VADER会对文本分析,得到的结果是一个字典信息,包含

  • pos,文本中正面信息得分

  • neg,文本中负面信息得分

  • neu,文本中中性信息得分

  • compound,文本综合情感得分

文本情感分类

依据compound综合得分对文本进行分类的标准

  • 正面:compound score >= 0.05

  • 中性: -0.05 < compound score < 0.05

  • 负面: compound score <= -0.05

from vaderSentiment.vaderSentiment import SentimentIntensityAnalyzer	
analyzer = SentimentIntensityAnalyzer()	
test = "VADER is smart, handsome, and funny."	
analyzer.polarity_scores(test)

运行

{'neg': 0.0, 'neu': 0.254, 'pos': 0.746, 'compound': 0.8316}

这里我们只使用 compound 得分,用更多的例子让大家看到感叹号、俚语、emoji、强调等不同方式对得分的影响。为了方便,我们想将结果以dataframe方式展示

from vaderSentiment.vaderSentiment import SentimentIntensityAnalyzer	
import pandas as pd	
analyzer = SentimentIntensityAnalyzer()	
sentences = ["VADER is smart, handsome, and funny.",  	
             "VADER is smart, handsome, and funny!",  #带感叹号	
             "VADER is very smart, handsome, and funny.", 	
             "VADER is VERY SMART, handsome, and FUNNY.",   #FUNNY.强调	
             "VADER is VERY SMART, handsome, and FUNNY!!!",	
             "VADER is VERY SMART, uber handsome, and FRIGGIN FUNNY!!!", 	
             "VADER is not smart, handsome, nor funny.",  	
             "The book was good.",  	
             "At least it isn't a horrible book.",  	
             "The book was only kind of good.", 	
             "The plot was good, but the characters are uncompelling and the dialog is not great.", 	
             "Today SUX!",  	
             "Today only kinda sux!
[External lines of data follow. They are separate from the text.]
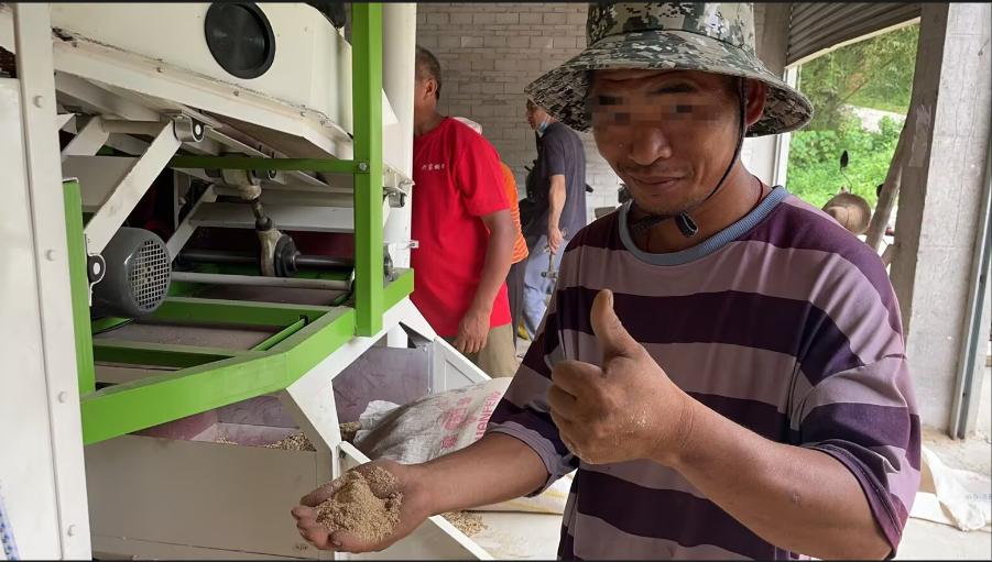 很多小型的磨米廠都有幾十年的歷史,一間小屋,一個守業(yè)人,村民隨時來,隨時開機,電閘一合上,轟隆的機聲響,幾分鐘,就可以把谷子變成白米。來賓忻城新村磨米廠特別好生意,因為米廠在2024年12月花了14萬元,更新?lián)Q代了一批機器,新的設備,比老式機占的空間小,方便搬運更具人性化,生產車間干凈整潔,不像舊式機械有較厚的糠塵。老板說,這是環(huán)保型磨米生產線,現(xiàn)在用的磨米機,除了傳統(tǒng)的除雜、去砂、磨白、去皮、粉碎谷殼,這幾個環(huán)節(jié)。還加強了除塵,加上新進了符氏色選機,只見大米經過升級版的除塵后米糠除得特別干凈,再進入最后一步色選機,通過光電檢測技術,利用材料本身的色差來識別和分離大米中的異色顆粒,從而達到提升大米品質、去除雜質的效果,除雜后的米粒晶瑩圓凈。
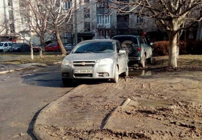 Недобросовісні паркувальники перетворили газон у дворі на вулиці Кравчука 22-24 у Луцьку на суцільне місиво.
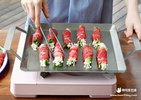 4. 펼친 소고기 위에 팽이 버섯과 부추를 올려 돌돌 말아줍니다.
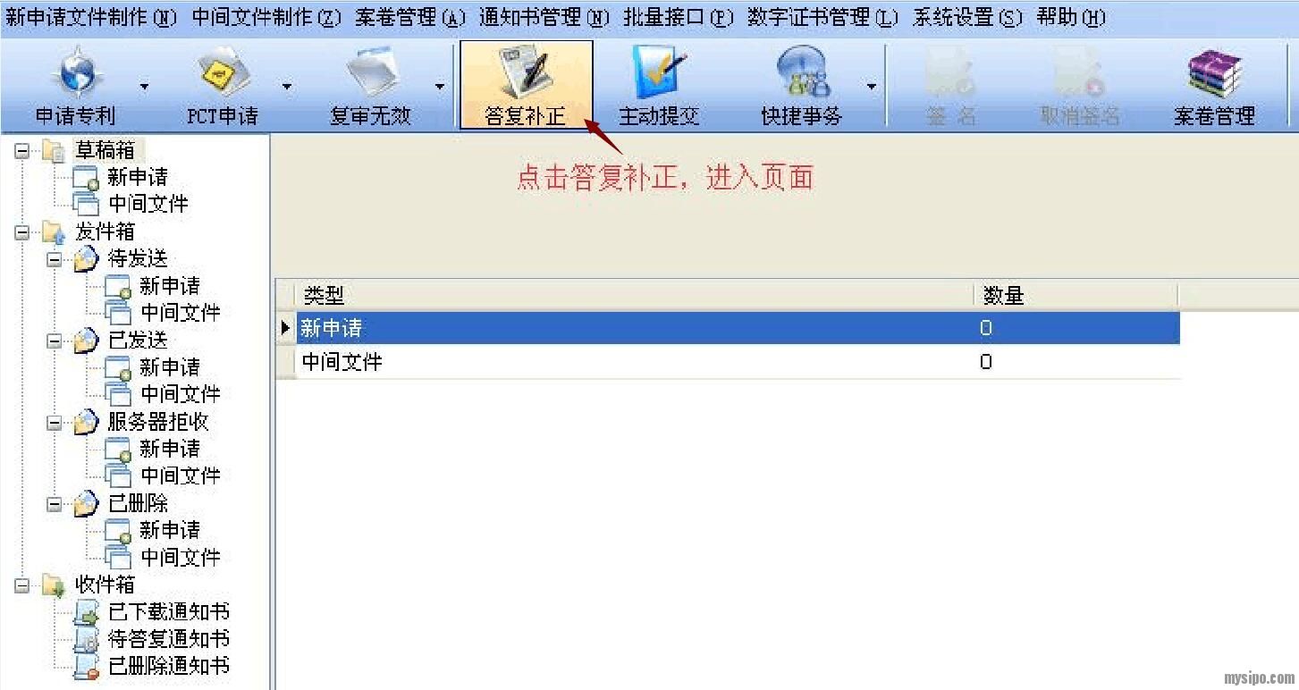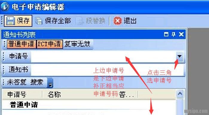 一、打开CPC客户端,单击“答复补正”,看到下边的,先点击补正通知书,再点击上边申请号框后边三角,里边有你所有通知号,选要补正的对应申请号!
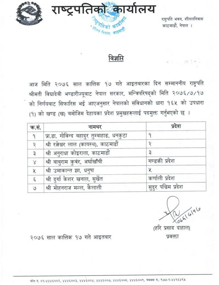 ‘आइतबार सम्माननीय राष्ट्रपति विद्यादेवी भण्डारीबाट नेपाल सरकार, मन्त्रिपरिषद्को मिति २०७६ ७ १७ को निर्णयबाट सिफारिस भइ आए अनुसार नेपालको संविधानको धारा १६५ को उपधारा (१) को खण्ड (ख) बमोजिम प्रदेश प्रमुखलाई पदमुक्त गर्नु भएको छ, राष्ट्रपति कार्यालयको विज्ञप्तिमा भनिएको छ ।
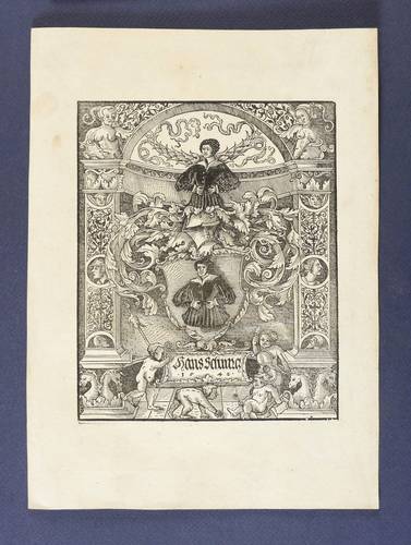 Aus: Hans Albrecht von Derschau, Holzschnitte alter deutscher Meister in den Original-Platten gesammelt von Hans Albrecht von Derschau (Gotha: Rudolph Zacharias Becker 1808-1816). – In der kleinen Schrifttafel unten Inschrift mit Datum: ″Hans Schw[..]cz 1542″. Verso in brauner Feder und Fraktur: ″Wol dem der ein gueten dreiZehner hat.″ In Bleistift modern weiter: ″Derschau-Druck″. – Später Nachdruck vom originalen Holzstock aus der Derschau-Sammlung. Hans Albrecht Freiherr von Derschau (1755-1824) hatte 1582 Holzstöcke des 15. und 16. Jh. gesammelt. In seinem Auftrag gab Rudolph Zacharias Becker 1808-16 Abdrucke von ausgewählten Stöcken in insgesamt vier Folgen (Klassen A-E) heraus. Seine Familie verkaufte die Holzstöcke 1844 an den Preußischen König, der sie dem Kupferstichkabinett Berlin überließ. Bei den sogenannten Derschau-Drucken handelt es sich meist um seltene Einblattdrucke. Sie wurden in niedrigen Auflagen gedruckt und sind oftmals die einzigen verfügbaren oder bekannten Abzüge. – Tadellos erhalten. Sehr guter Zustand.

But I'll get by, lol",  #lol缩略语	
             "Make sure you :) or :D today!",  	
             "Catch utf-8 emoji such as such as ? and ? and ?",  #emoji	
             "Not bad at all"  	
             ]	
def senti(text):	
    return analyzer.polarity_scores(text)['compound']	
df = pd.DataFrame(sentences)	
df.columns = ['text']	
#对text列使用senti函数进行批处理,得到的得分赋值给sentiment列	
df['sentiment'] = df.agg({'text':[senti]})	
df

640?wx_fmt=png


更多

VADER目前只支持英文文本,如果想要对中文文本进行分析,需要做两大方面改动。

对于初学者来说有难度,建议大家不着急的话可以系统学完python基础语法,大概学习使用python数周就能自己更改库的源代码。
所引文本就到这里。